Comparison of Predictive Models for the Early Diagnosis of Diabetes

Meysam Jahani; Mahdi Mahdavi

doi:10.4258/hir.2016.22.2.95

Abstract

Objectives

This study develops neural network models to improve the prediction of diabetes using clinical and lifestyle characteristics. Prediction models were developed using a combination of approaches and concepts.

Methods

We used memetic algorithms to update weights and to improve prediction accuracy of models. In the first step, the optimum amount for neural network parameters such as momentum rate, transfer function, and error function were obtained through trial and error and based on the results of previous studies. In the second step, optimum parameters were applied to memetic algorithms in order to improve the accuracy of prediction. This preliminary analysis showed that the accuracy of neural networks is 88%. In the third step, the accuracy of neural network models was improved using a memetic algorithm and resulted model was compared with a logistic regression model using a confusion matrix and receiver operating characteristic curve (ROC).

Results

The memetic algorithm improved the accuracy from 88.0% to 93.2%. We also found that memetic algorithm had a higher accuracy than the model from the genetic algorithm and a regression model. Among models, the regression model has the least accuracy. For the memetic algorithm model the amount of sensitivity, specificity, positive predictive value, negative predictive value, and ROC are 96.2, 95.3, 93.8, 92.4, and 0.958 respectively.

Conclusions

The results of this study provide a basis to design a Decision Support System for risk management and planning of care for individuals at risk of diabetes.
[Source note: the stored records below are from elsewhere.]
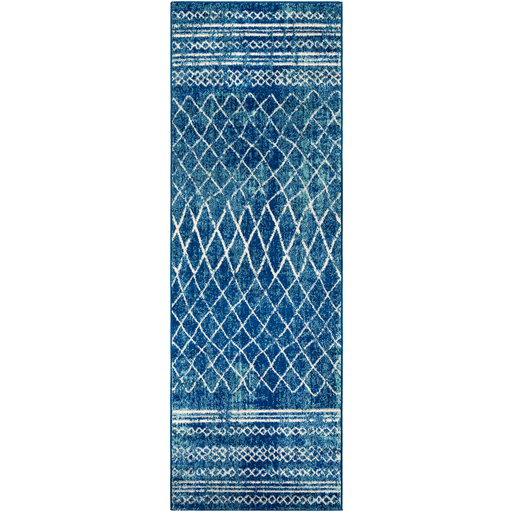 Surya ELZ2339-2776 2 ft. 7 in. x 7 ft. 6 in. Elaziz Runner Rug, Dark Blue, Aqua & White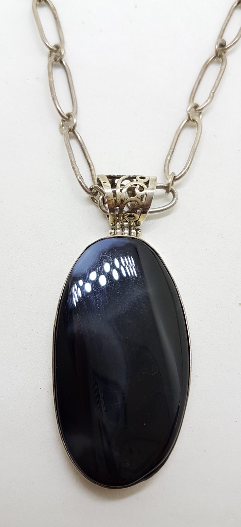 Tags: Banded Agate, Black, Chain, Large, Oval, Pendant, silver, Sterling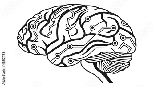 Stylized human brain illustration with circuit board patterns in black and white design concept created with generated ai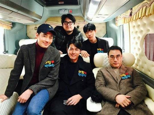 사진에는 전날 대구 일정을 마치고 부산으로 향한 ‘더 킹’ 군단 조인성 정우성 배성우 류준열 그리고 한재림 감독의 모습이 담겨 있다. 일상을 화보로 만드는 훈훈한 비주얼이 인상적. 또 다른 사진 배성우와 조인성 류준열은 카메라를 향해 재기발랄한 매력을 뽐내 눈길을 끈다.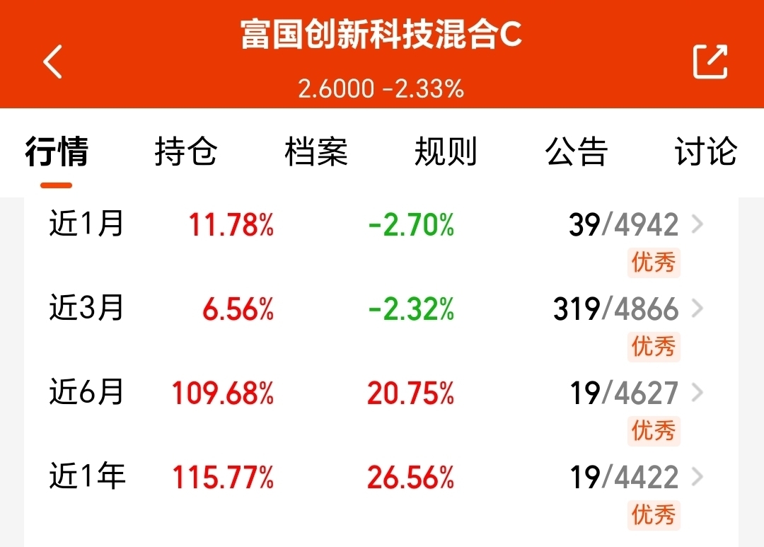 $富国创新科技混合C$ 布局CPO方向,主要聚焦于电子、通信、传媒等高成长科技领域主题,近6个月收涨109.68%,收益弹性还是非常高的。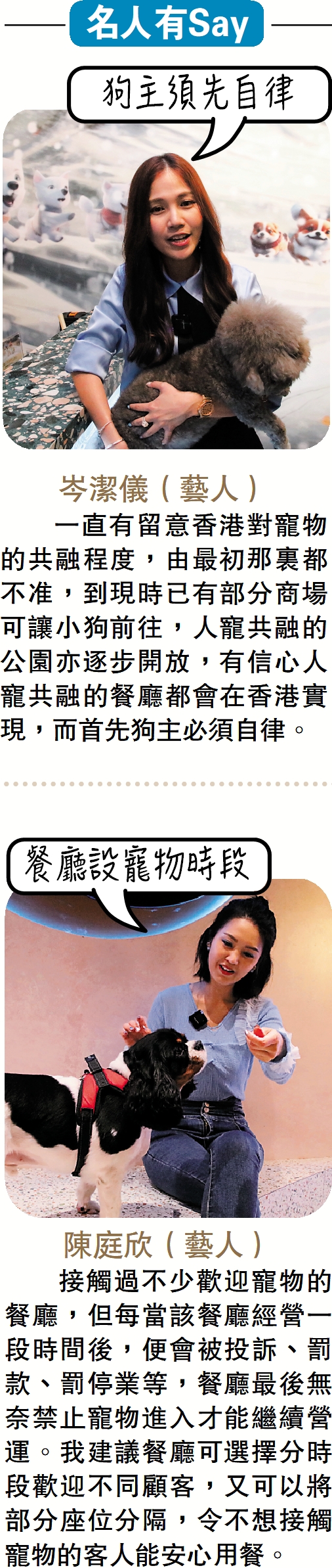 接觸過不少歡迎寵物的餐廳,但每當該餐廳經營一段時間後,便會被投訴、罰款、罰停業等,餐廳最後無奈禁止寵物進入才能繼續營運。我建議餐廳可選擇分時段歡迎不同顧客,又可以將部分座位分隔,令不想接觸寵物的客人能安心用餐。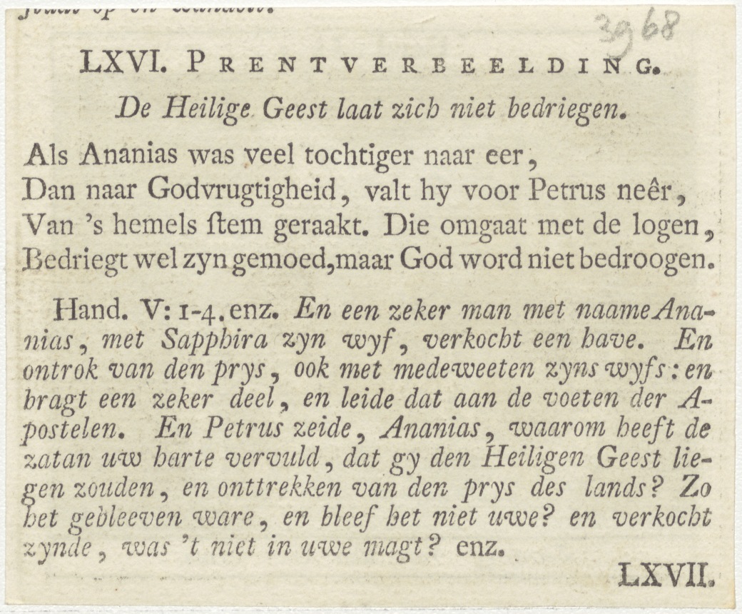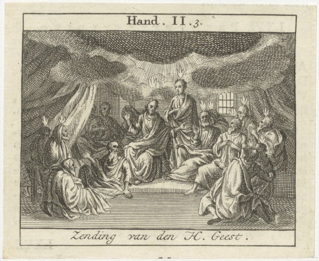Bijbelscènes (serie): Zending van den H. Geest (Hand.2:3), kz. boekdruk niet corresponderend met voorzijde;

Keywords: Diabetes, Decision Support Techniques, Neural Networks, Early Diagnosis

I. Introduction

Diabetes is a chronic disease that poses a great challenge for health systems worldwide. On average, about 8.3% of people are diagnosed with diabetes around the world [1]. In the United States alone, 25.8 million individuals had diabetes in 2011, and 79 million more were at a high risk to develop the disease [2 3]. According to recent estimates, about 7 million Iranians have been diagnosed with diabetes. The prevalence of diabetes in the Iranian urban population is rapidly growing by 8.6% annually [1].

The average lifetime costs of direct medical treatment for a diabetic patient were estimated to be approximately $85,000 in 2012 in the United States [4]. The burden of this disease on the economy far exceeds the direct medical costs in the health sector because diabetes reduces the quality of life and labor productivity.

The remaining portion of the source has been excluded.